Gods Heroes and Tyrants(Algora, 2009)

Gods, Heroes and Tyrants may be regarded as a supplementary volume to the Ages in Alignment series. Here it is shown, using a wide variety of archaeological and written evidence, that the great age of Mycenae – the time of the Age of Heroes and the Trojan War – rightly belongs in the eighth and seventh centuries BC. The Trojan War itself, the most renowned exploit of the Greek heroes, is revealed to have occurred sometime near 710 BC, and this explains why Homer could mention Phrygians – a nation which did not exist before circa 750 BC – as allies of the Trojans.

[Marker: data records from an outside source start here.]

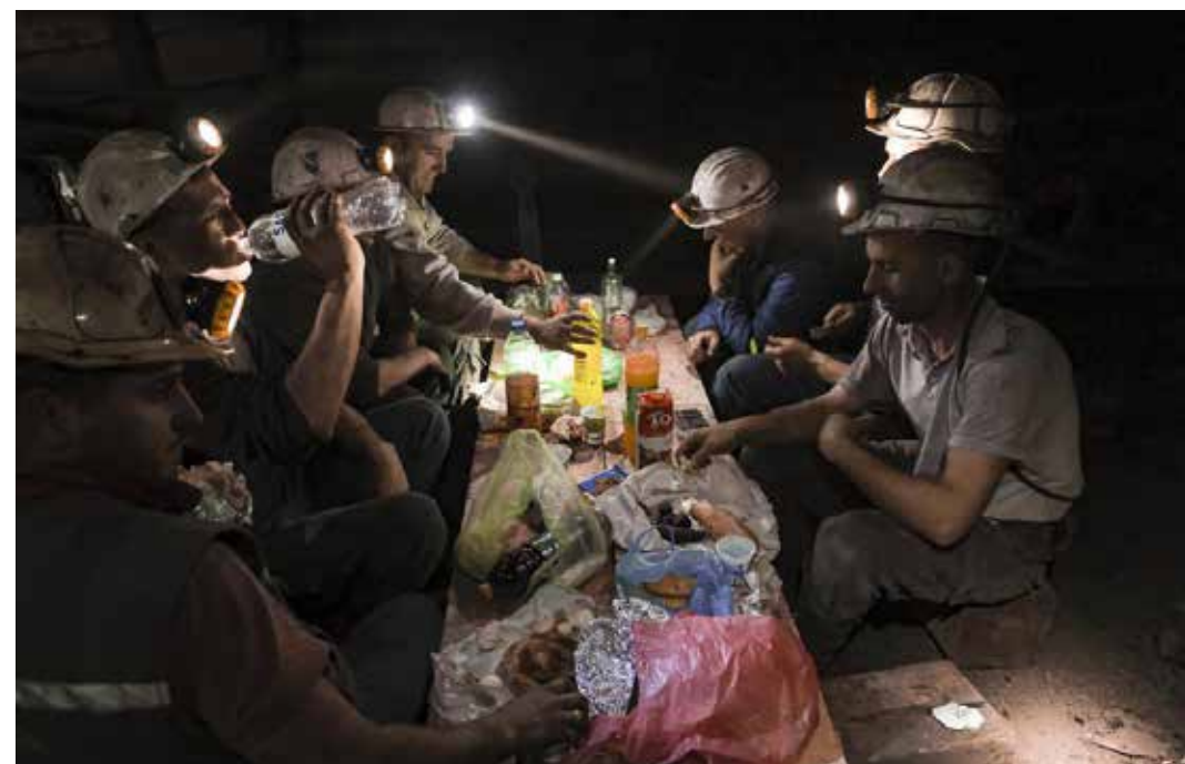
Bosnian coal miners break fast in the underground at a mine in Zenica, Bosnia

YOU KNOW WHAT For the entire duration of the Muslim holy month, the miners go about their normal work routine, insisting they feel no exceptional hunger, thirst or exhaustion
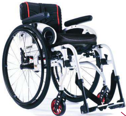
XENON² SA THE ALLROUNDER
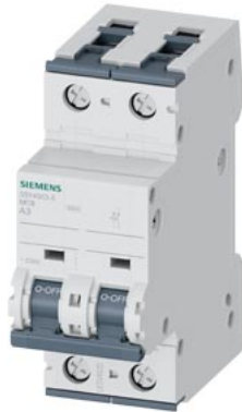
Miniature circuit breaker 230 V 10kA, 1+N-pole, A, 3 A, D=70 mm
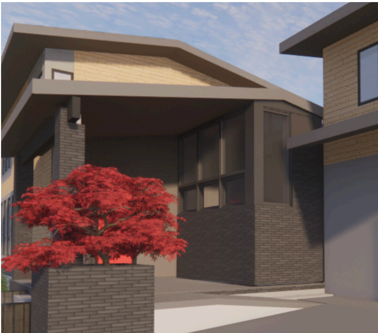
Proposed View of Front/Side

Submitted by Louis Cherry, Owner 8/16/2023
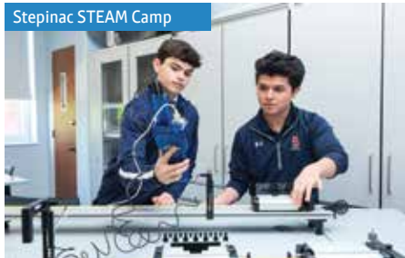
Stepinac STEAM Camp

Stepinac High School in White Plains runs several different camps each summer including a STEAM Camp (Science, Technology, Engineering, Art, Mathematics) and TACHS prep, in which campers will be exposed to robotics, engineering, video game design, Scratch animation, art and digital design, 3D printing, computer programming, Math, gaming, Physics and mechanics, and much more. The program includes field trips, recreational sports, and non-sports activities. Stepinac's Sports Camps include Baseball, Basketball, Football, Youth Non-Contact Football, and Soccer options.
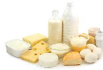
Raw eggs, Milk & Other, dairy products
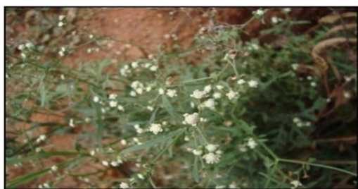
Parthenium hysterophorus (Asteraceae)
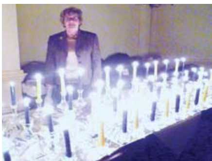
SI Staffordshire Moorlands' candlelit supper with a candle for every SIGBI Club.
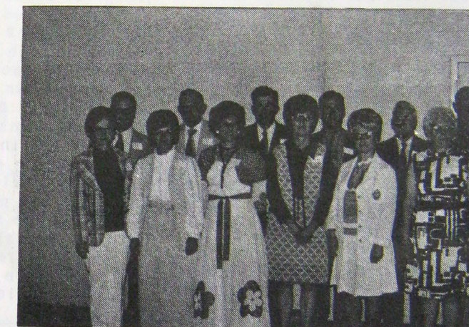
"We're the Class of '43 - - We're the BEST - don't you agree?"
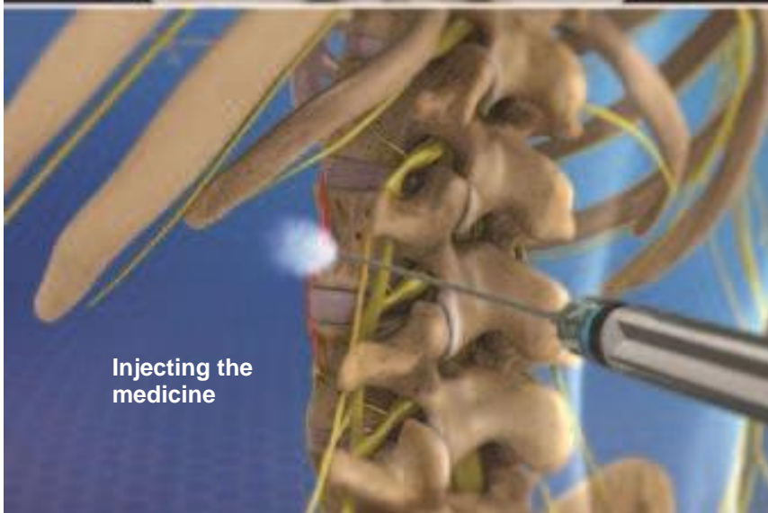
Injecting the medicine
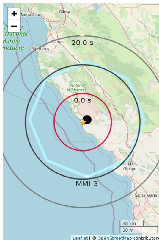
Figure 1. ShakeAlert initial earthquake location (black dot). Star is ANSS earthquake epicenter. Polygon shows estimated MMI 4 shaking intensity area. If shown, red circle is front of peak shaking when the message was released***. Shaking takes 10 s to expand from circle to circle.

To learn more about ShakeAlert®, visit www.shakealert.org/FAQ
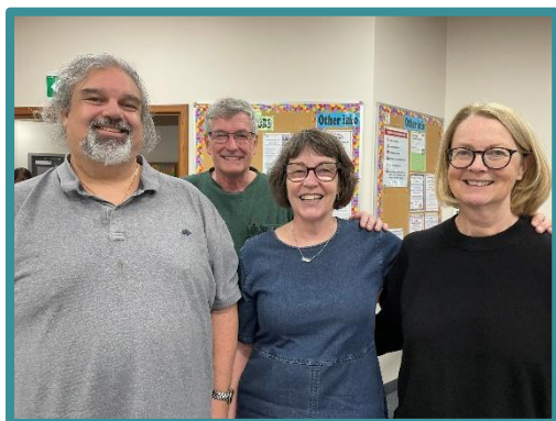
1 st place - Team Collett
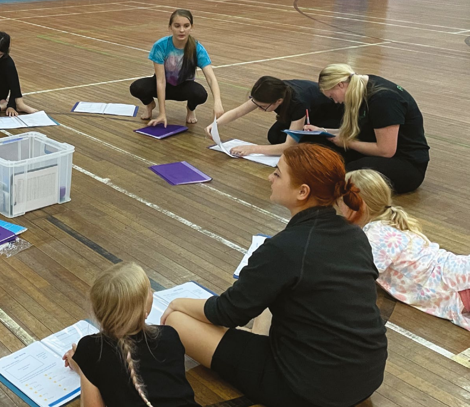
Intensive Project – Arts Award Qualification

“The Arts Award delivery was superb. The activities engaged all the children, and it was accessible to everyone. It brought a real togetherness for the cohort and allowed them to be part of each other’s successes. The positive impact on their mental and general health has been evident.”
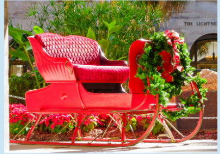
St. Augustine, Florida
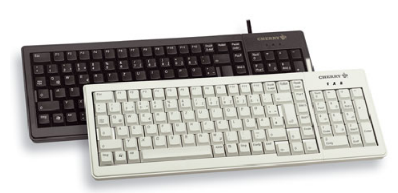
Models may vary from the image shown
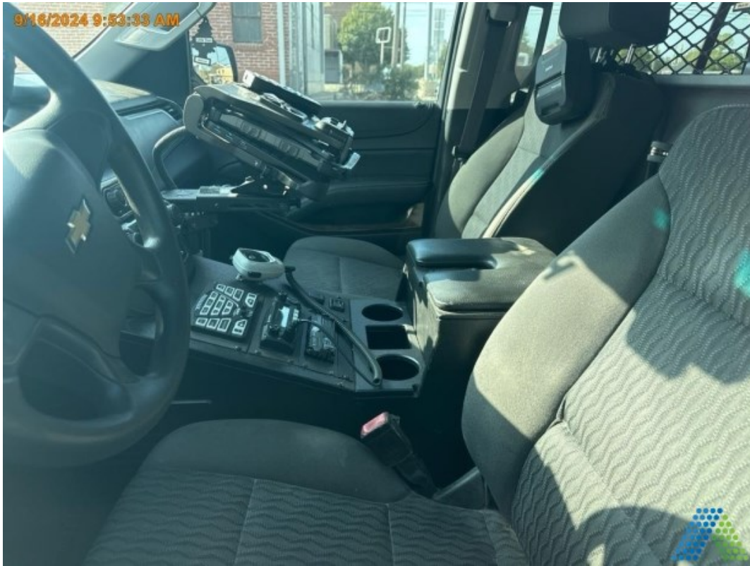
Document Name: INTERIOR.jpg
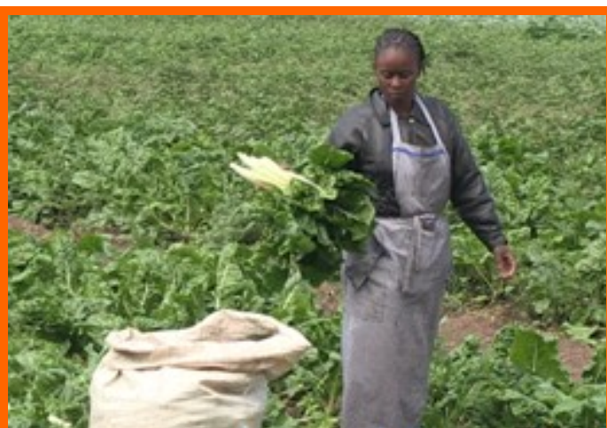
Woman harvesting spinach

The food supply chain, and hence the food value chain is composed of a diverse range of players ranging from primary food producers, processors, manufacturers and retailers.
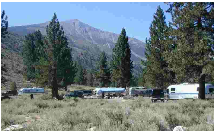
Twin Lakes Rally, August 2003
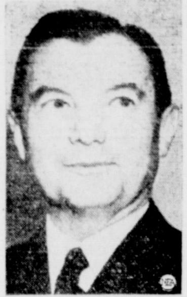
Reported successor to Attorney General Homer S. Cummings, whose retirement is set for January, is youthful Solicitor General Robert H. Jackson, above.
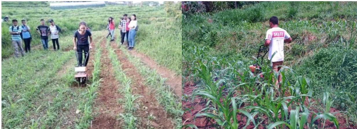
Figure 2: Evaluation of mini power weeder on terraces
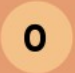
Only courts against whose decision there is no judicial remedy
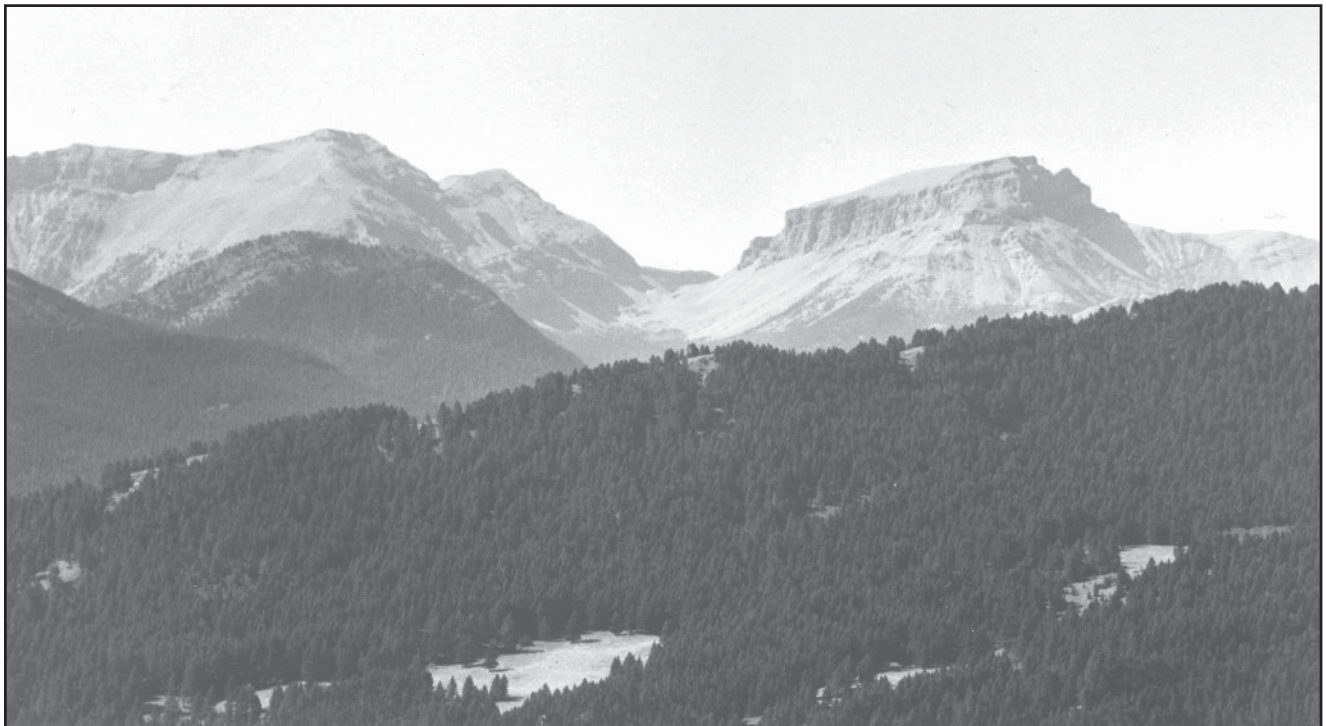
Figure 1(H) —September 16, 1981—81 years later. Slopes below camera point and adjacent terrain as well as near slope are now densely covered by Douglas-fir. View was obtained by cutting screening fir and climbing one of the larger Douglas-fir about 50 yards from original camera position at top of ridge. Canopy closure has resulted in a decline in condition of deciduous species.
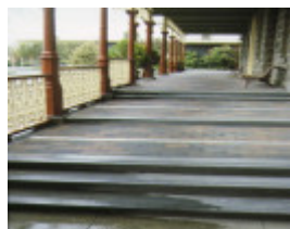
kyneton district hospital simpson street verandah oct1992
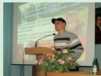
A report of a participant in the Conference

The first attempt of a youth congress of medical and biomedical sciences, that level for the life of independent Ukraine, was proposed at the International and Interdisciplinary Scientific Conference (ISIC) in 2008 with participation of more than 120 young scientists and students from different parts of Ukraine, Russia, Belarus, Poland, Serbia and Montenegro. Every year the number
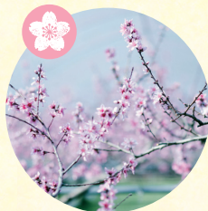
Peach Forest / Peach Blossom MAP B-5 [Best time to see] From early March to mid-March

Introducing photograph spots in Hirokawa town! Because there is a nature rich environment in Hirokawa town, it is such a wonderful place to take photos!
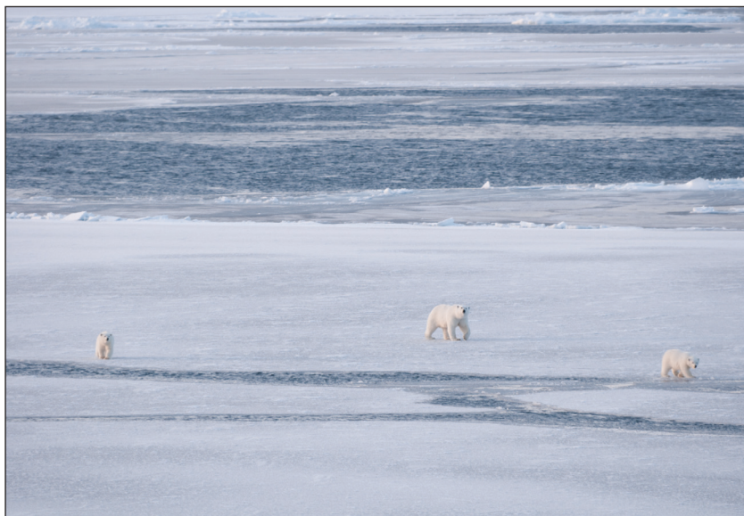
Figure 1. A polar bear family on the sea ice in the Chukchi Sea. Often remaining on sea ice year-round, polar bears hunt for ringed seals and bearded seals ( Erignathus barbatus ), which require sea ice for hauling out, molting, and pupping.

Polar bears currently only inhabit areas covered by Arctic sea ice for much of the year. They are divided into 19 recognized subpopulations within four identified ecoregions (based on annual sea-ice dynamics; Amstrup et al. 2008). Over most of their range (ie in three of the four ecoregions), entire populations have historically remained on sea ice year-round, where they hunt marine mammals (Figure 1), with only pregnant females regularly venturing onto land to occupy maternal dens. In the fourth, seasonal ice ecoregion, there has been no multi-year or perennial ice throughout the human historical record. Here, polar bears actively prey on marine mammals from seasonally available sea ice. After forag-
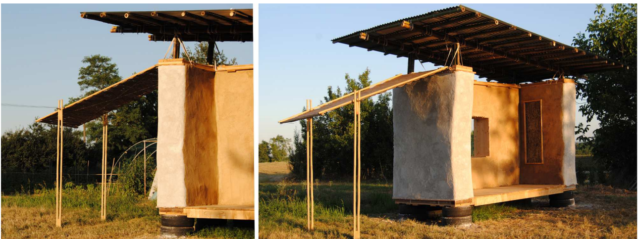
8. Final Prototype, movable shade
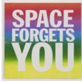
SPACE FORGETS YOU, 2015 Acrylic on canvas 40 x 40 inches 101.6 x 101.6 cm
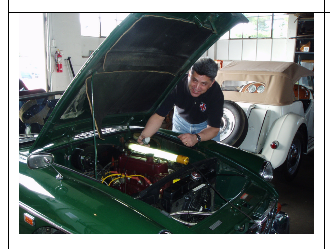
Some members actually worked on their MGs
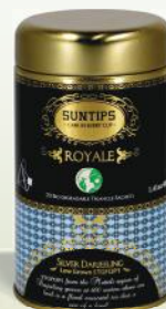
Gold Darjeeling: BD40/02
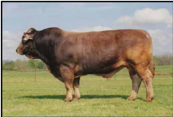
SILVERWOOD DRAGON 4Y
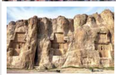
Naqsh-e Rostam
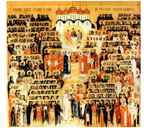
All Russian Saints

10:00 a.m. Divine Liturgy followed by Fellowship Hour
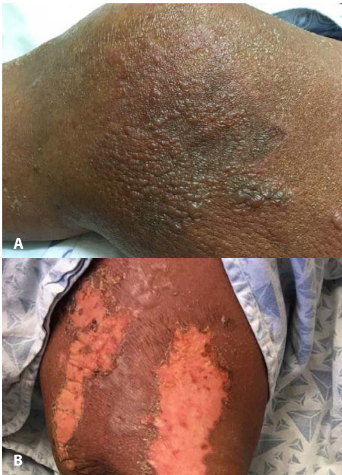
Figure 1. Clinical images of bullous Sézary syndrome. A) Right leg showing vesicles and bullae superimposed on erythematous, edematous plaques. B) Rupture of bullae resulting in erosions on right arm.

showed a markedly elevated white blood cell count at 55.7 \times 10^3 cells/ \mu L with 86% lymphocytes. Peripheral blood was analyzed by flow cytometry, which showed 88% lymphocytes with a CD4:CD8 ratio of 232:1. T cells were positive for CD3, CD4, CD5, CD25 and negative for CD7, CD8, CD10 and CD56. A PET-CT demonstrated increased uptake in bilateral neck, axillary, iliac, and inguinal lymph nodes. A biopsy of a right axillary lymph node showed effacement of normal architecture by innumerable medium-to-large cells with prominent nucleoli that were positive for CD3, CD4 and negative for CD7, CD8, similar to the neoplastic population in the skin. T cell gene rearrangement studies performed on peripheral blood demonstrated a clonal T cell population and cytogenetics also showed changes consistent with T cell malignancy. Antibodies to human T-cell lymphotropic virus I and II were
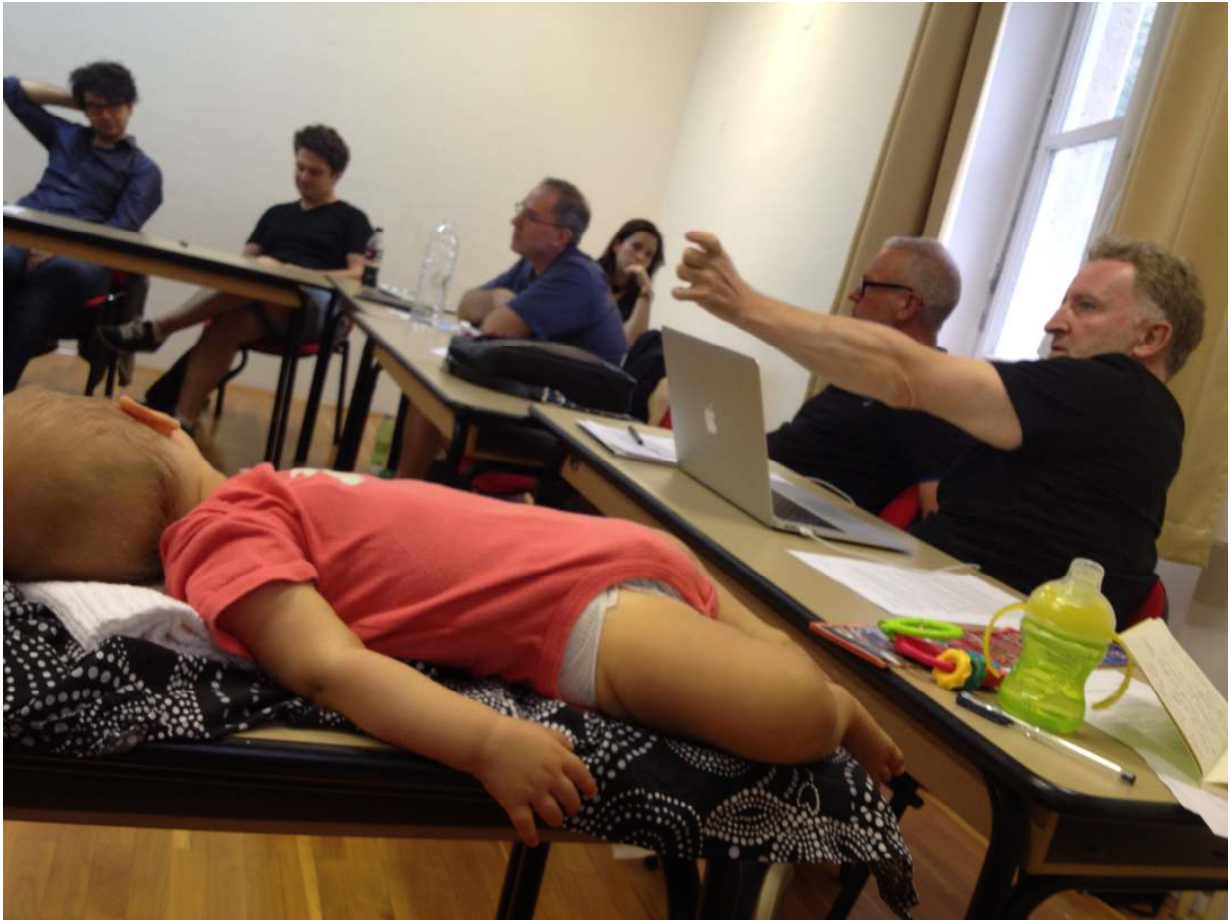
Dubrovnik, Croatia (September 2014, O. at 10 months)
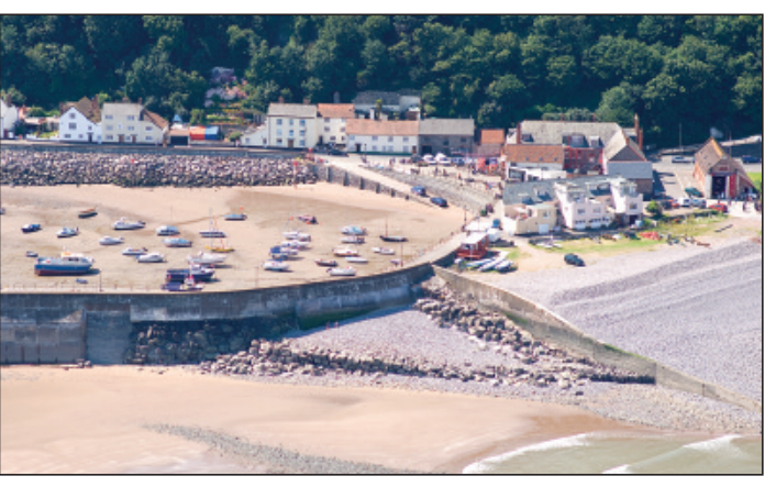
Looking on to the harbour and Quay Street, Minehead.

Gods, Heroes and Tyrants explores the archaeology of early Greece in some detail; and we find that the culture and artwork commonly called “Mycenaean” was not, originally, Greek at all. The Mycenaean work was produced by Cretan and Cycladic artists imported into mainland Greece by the powerful Achaean warlords of the Peloponnese and Attica during the second half of the eighth and the first half of the seventh centuries BC. This style and culture then existed side by side with the native Greek culture, known as “Geometric,” for about two hundred years.

 

Gods, Heroes and Tyrants comes to some dramatic conclusions. The Shaft Graves at Mycenae, for example, which tradition said were the final resting-places of Agamemnon and his entourage, are revealed to be just that. The true provenance of these burials was lost because of the application to Greek history of the faulty chronology of Egypt. Since the Shaft Graves contained Egyptian artefacts of the early Eighteenth Dynasty, scholars assumed that they dated to the sixteenth century BC. And since the fall of Troy was place around 1180 BC, it was assumed that the Shaft Graves must contain the bodies of unknown princes who died centuries before the time of Agamemnon. However, the Eighteenth Dynasty actually commenced around 710 BC, and the Trojan War occurred in the same decade; which means that the persons entombed in the Shaft Graves were almost certainly those claimed by tradition. It may even be that the body buried with the fabulous golden face mask, which Schliemann named the “Mask of Agamemnon,” was indeed that of the “King of Men” after all.

The greatest monuments of Mycenae, the famous tholos tombs, are shown to be architecturally related to a style of tomb still being built in various parts of the Mediterranean and Balkans (especially Thrace/Bulgaria) into the fourth and third centuries BC. The Mycenaean tombs themselves date from the late seventh and sixth centuries BC, and were built, not by the dynasty of Atreus and Agamemnon, but by the Dorian conquerors who routed Agamemnon’s grandson Tisamenus. The greatest of these structures, the so-called “Treasury of Atreus,” was almost certainly built for the greatest of the Dorian kings of Argos, Pheidon.